Determine which axes are reduced axes and which are free axes in the arrays used for array multiplication (as can be represented by einsum expressions).
Determine sharding and replication strategy:

For each array in the computation, decide how to shard or replicate each axis to ensure the entire computation process remains naturally sharded and the final output matches your expectations.
Select parallelism method and apply einshard:

Use einshard to specify the sharding or replication of the arrays based on your parallelism strategy.

Example: 1-D Tensor Parallelism for a 2-Layer MLP#

Consider a 2-layer MLP. The computations can be represented by the following einsum expressions (ignoring the activation function, which is point-wise and not considered for sharding):

First array multiplication: bx, xy -> by, to compute X @ W1 = Y.
Second array multiplication: by, yz -> bz, to compute Y @ W2 = Z.

Step-by-Step Sharding:

Analyze the model architecture:
- Input array \(X\) has shape bx and multiplies with \(W_1\) (shape xy) to produce \(Y\) (shape by). Here, \(x\) is a reduced axis, while \(b\) and \(y\) are free axes.
- \(Y\) (shape by) then multiplies with \(W_2\) (shape yz) to produce \(Z\) (shape bz). In this computation, \(y\) is a reduced axis, while \(b\) and \(z\) are free axes.
Determine sharding and replication:

The array \(X\) is the input data, while \(W_1\) and \(W_2\) are the model parameters for this 2-layer MLP. These arrays need to be sharded before the computation starts. Consider the following potential sharding strategies:
- Sharding the b axis in the first array computation results in the b axis being sharded in \(Y\), and consequently, the final output \(Z\) will also have the b axis sharded. The same applies if the z axis is sharded.
- Sharding the x axis in the first array computation results in \(Y\) being complete after all-reduce. If the z axis of \(W_2\) is sharded, the output \(Z\) will be sharded.
- Sharding the y axis in the first array computation results in the y axis being sharded in \(Y\). If the y axis of \(W_2\) is also sharded, the output \(Z\) will be complete after all-reduce.
Use Einshard for sharding or replication: If you expect to apply 1-D tensor parallelism and ensure the model parameters are efficiently sharded while obtaining a complete result, you can choose to shard the \(y\) axis of \(W_1\) and \(W_2\).
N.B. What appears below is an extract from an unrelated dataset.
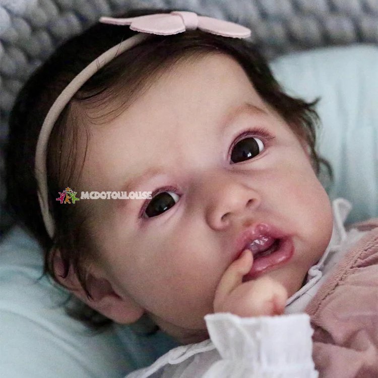 Saxia was painted with a kind of professional silicone pigments and she is sealed with a high quality matte finish for a soft and smooth baby-skin feel. She has soft veining, beautiful mottling, fine capillaries, detailed nails, newborn milia, and lifelike shading all over. Her delicate eyebrows are a combinations of mono rooting and fine detailed painting.

# simulate an environment with 8 devices
# delete these if you want to test on TPU
n_devices = 8
import os
os.environ['JAX_PLATFORMS'] = 'cpu'
os.environ['XLA_FLAGS'] = os.environ.get('XLA_FLAGS', '') + f' --xla_force_host_platform_device_count={n_devices}'

from typing import NamedTuple

from einshard import einshard
import jax
from jax import Array
import jax.nn as nn
import jax.random as jrand

class Params(NamedTuple):
    W1: Array
    W2: Array

def init_params(key: Array) -> Params:
    key, subkey = jrand.split(key)
    W1 = jrand.normal(subkey, (128, 256))
    key, subkey = jrand.split(key)
    W2 = jrand.normal(subkey, (256, 64))
    return Params(W1, W2)

def shard_params(params: Params) -> Params:
    W1, W2 = params
    W1 = einshard(W1, 'x y -> x y*')
    W2 = einshard(W2, 'y z -> y* z')
    return Params(W1, W2)

@jax.jit
def forward(params: Params, X: Array) -> Array:
    W1, W2 = params
    Y = X @ W1
    Y = nn.relu(Y)
    Z = Y @ W2
    return Z

def main() -> None:
    key = jrand.key(42)

    # initialize params
    key, subkey = jrand.split(key)
    params = init_params(key)

    # generate random inputs
    key, subkey = jrand.split(key)
    X = jrand.normal(subkey, (8, 128))

    # shard the model params
    params = shard_params(params)
    # replicate the inputs
    X = einshard(X, '... -> * ...')

    out = forward(params, X)
    print(out.shape)  # (8, 64)

if __name__ == '__main__':
    main()

The expected output of the model can vary depending on the sharding strategy you use. Any approach is feasible as long as it produces your desired result. However, in practice, obtaining a complete result is often the expectation.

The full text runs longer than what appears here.